This is the second article of a short series dedicated to data-aware storage and sponsored by Data Gravity (here the first one).
Data-aware is a new concept and as such it can be misinterpreted or have different meanings for different end users and vendors. It unleashes the power of data analytics applied to primary (active) data but depending on implementation, it can bring totally different results and serve different use cases.
In order to better understand what data-awareness really means, we can divide modern primary storage systems in three categories according to their analytics capabilities:
Infrastructure analytics
The storage system has the capability to collect sensors and logs and send them to an external analytics system (usually to the cloud). This data stream can be analyzed to get plenty of information about the state of the single storage array and compare it to all the others present in the field.
If the analytics engine is well implemented, the system understands application workloads and can give insights on real system usage and potential problems and automatically open support calls when needed. This approach is very useful in order to have full control over the infrastructure and it can also drive down TCO. But on the other hand, the quality of information collected is not sufficient to dig into data content. In fact, most of the activity is confined to the data container (for example a Data volume or a Virtual Machine).
Local resources needed to implement this type of feature are fairly limited. All the analytics are usually done externally and this has no impact on performance whatsoever.
The list of vendors implementing this type of functionality on their storage arrays is getting very long: Nimble storage InfoSight was the first, but similar products are now available from Pure Storage, Solidfire and many others.
Metadata analytics
In this case, depending on the implementation, additional metadata is created and maintained by either the storage array or externally. Rich metadata can be created during the ingestion process (as it could happen in object storage systems with file indexing) or it could be embedded in the file system itself (with much more info about files and their utilization over time).
Use cases vary, but this type of indexing and metadata management entails strong search capabilities which are very helpful in managing large repositories (in the order of several Petabytes) or for data discovery.
Infrastructure TCO is still the main target but data discovery or more sophisticated activities for specific applications in vertical markets are becoming more common. In the latter case, it’s important to note that pre-packaged solutions are very rare. API and third party visualization tools are still the most common way to interact with these kinds of systems. Examples of large scale-out file-based solutions that have implemented this type of functionality for vertical applications can be found in Qumulo and Caringo FileFly with Kibana integration.
Full Data-awareness
This is the most advanced solution and its scope reaches well beyond the traditional infrastructure TCO, helping to take full advantage of stored data by building an information asset out of it. The storage array allocates specific resources to a full featured analytics engine to provide detailed information about file contents and related workloads. This has to be embedded in the system to capture logs, sensors and real data activity as well. Maintaining a separate metadata-enriched copy of data and its associated workload allows for a better understanding of what is happening to the storage system as well as to the data saved in it.

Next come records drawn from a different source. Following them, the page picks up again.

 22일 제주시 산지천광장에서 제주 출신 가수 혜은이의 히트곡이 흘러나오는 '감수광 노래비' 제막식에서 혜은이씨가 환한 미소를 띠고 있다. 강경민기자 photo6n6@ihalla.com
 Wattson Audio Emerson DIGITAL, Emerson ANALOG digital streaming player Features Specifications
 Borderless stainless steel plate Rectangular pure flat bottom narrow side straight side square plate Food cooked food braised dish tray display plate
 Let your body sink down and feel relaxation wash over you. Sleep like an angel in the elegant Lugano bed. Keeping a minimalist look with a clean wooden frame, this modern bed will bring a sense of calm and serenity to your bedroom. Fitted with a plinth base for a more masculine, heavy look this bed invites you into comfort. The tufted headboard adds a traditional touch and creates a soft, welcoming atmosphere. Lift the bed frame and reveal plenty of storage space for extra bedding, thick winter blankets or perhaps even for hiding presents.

Data-aware storage can be thought of as a sort of auto-generated data lake, where all data can be searched and analyzed to exploit all the hidden value in it.

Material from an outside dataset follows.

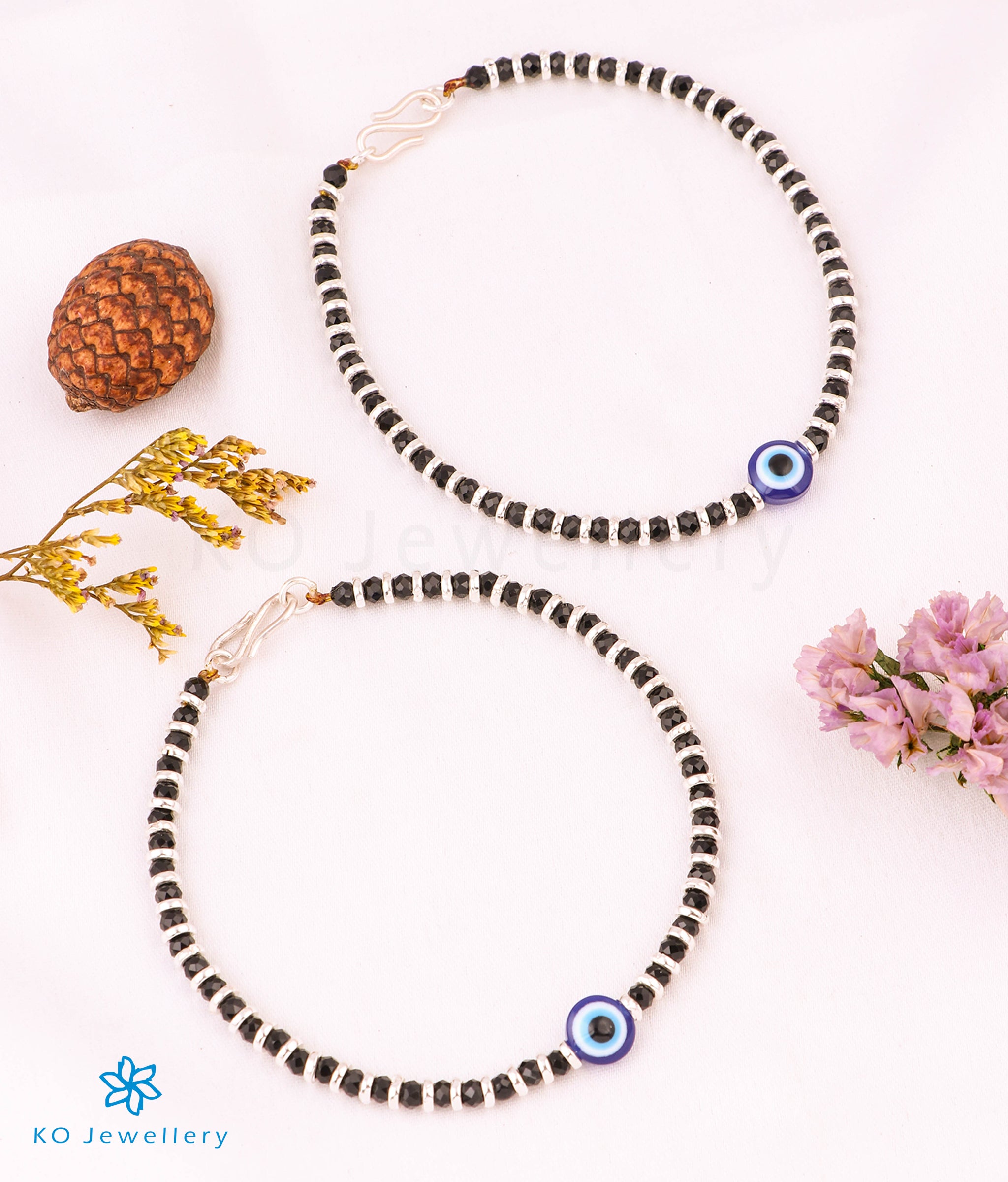 This is a versatile design in Sterling Silver (92.5%) that can be used as either anklets or bracelets according to your choice. This pair is adorned with a evil-eye pendant to ward off the bad luck . Made up of black onyx and silver beads it comes with a strong clasp. Handcrafted to perfection, these anklets pack the miraculous child-friendly properties of pure silver and make for a great gift.

This is the only way to analyze the array and its content simultaneously. Complex queries can be run without impacting production while advanced data discovery and full content search represent two other key aspects. Depending on the implementation, this type of analytics can be leveraged on the contents in file shares (NAS volumes), as well as file systems embedded in block-based volumes and Virtual Machines for the maximum granularity. Furthermore, thanks to integration with Active Directory and other user authentication services, it is possible to match users and groups to get a deeper understanding of user behavior and data access patterns.

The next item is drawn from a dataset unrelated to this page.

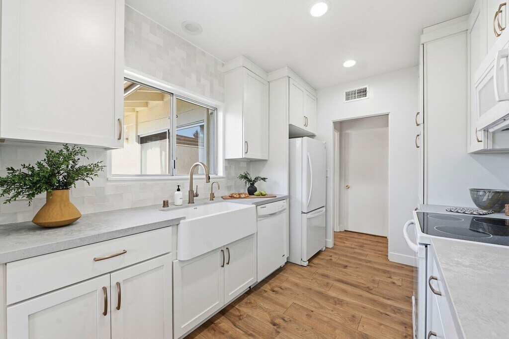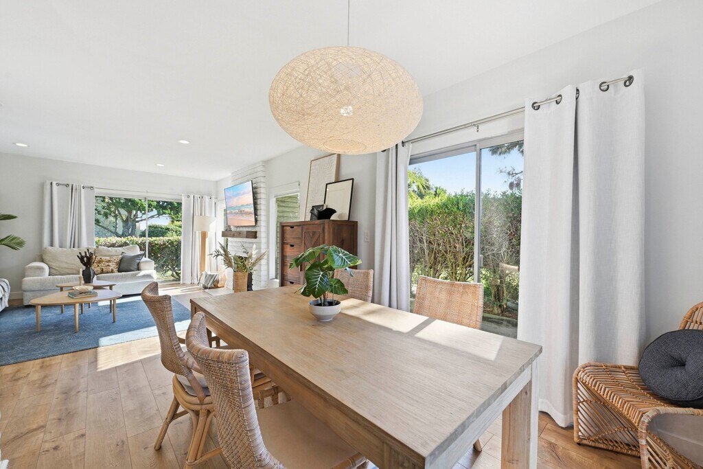 Come visit Estrella Bungalow, a beautifully updated single-level condo in La Costa, Carlsbad! Set in a peaceful, park-like setting with lush green space, this bright 2-bed, 2-bath retreat offers relaxed coastal living. Ideally located between Encinitas and Carlsbad, just 4 miles from the beach and a short walk to the iconic Omni La Costa Resort, it's perfect for couples, small families, or a quiet solo escape. TOP HIGHLIGHTS - Fully furnished monthly rental (3 months max) - Just 4 miles to the beautiful beaches of Carlsbad and Encinitas, plus an easy walk to local coffee shops, restaurants, and boutiques - Sun-filled interiors with wide-frame windows and sliding glass doors that bring the outdoors in - Spa-inspired bathrooms designed for total relaxation - Dedicated office, ideal for working remotely or relaxing with a good book - Thoughtfully curated interiors and a fully stocked kitchen for an effortless, comfortable stay KITCHEN The fully renovated kitchen is equipped with modern appliances, bright white cabinetry, handcrafted Zellige tile, and an oversized farmhouse sink ideal for everything from morning coffee to home-cooked meals. LIVING ROOM Bathed in natural light from wide-framed windows, this open-concept living room brings the outdoors in. Unwind on the spacious, comfortable sofas while enjoying Apple TV and Netflix in a relaxed, airy setting. PRIMARY BEDROOM A serene retreat featuring a plush king bed beneath a sculptural wood ceiling fan. The en-suite bathroom includes a large walk-in shower with an oversized rainfall shower head. Step directly onto a private patio with acacia wood decking and two lounge chairs the perfect place to recharge. GUEST BEDROOM Wake up in a cozy queen bed surrounded by peaceful greenery and soft natural light from the attached zen patio. A separate bathroom offers a deep soaking tub and rainfall showerhead for a spa-like experience. OFFICE Designated office attached to the master bedroom, ideal for working remotely or relaxing with a good book GENERAL: Guests will have full, private access to the entire condo. PARKING: Complimentary parking for up to two vehicles one assigned carport space and one open guest space available. Fully furnished month-to-month property (3 months max) Utilities paid by owner No smoking No pets

Reducing TCO is certainly a big benefit of this approach. But data-aware storage can be thought of as a sort of auto-generated data lake, especially for SMB organizations, where all data can be searched and analyzed to exploit its hidden value and potential risks in it. This infrastructure component can automate and offload many tasks from different business units in the organization while improving processes and reducing costs.
Potential use cases range from advanced data recovery and discovery to Auditing, Security and Compliance.
At the moment, the most advanced solution in this space is offered by DataGravity. Other solutions, like Cohesity for example, are focused on secondary storage and their architecture doesn’t grant consistent performance for primary data.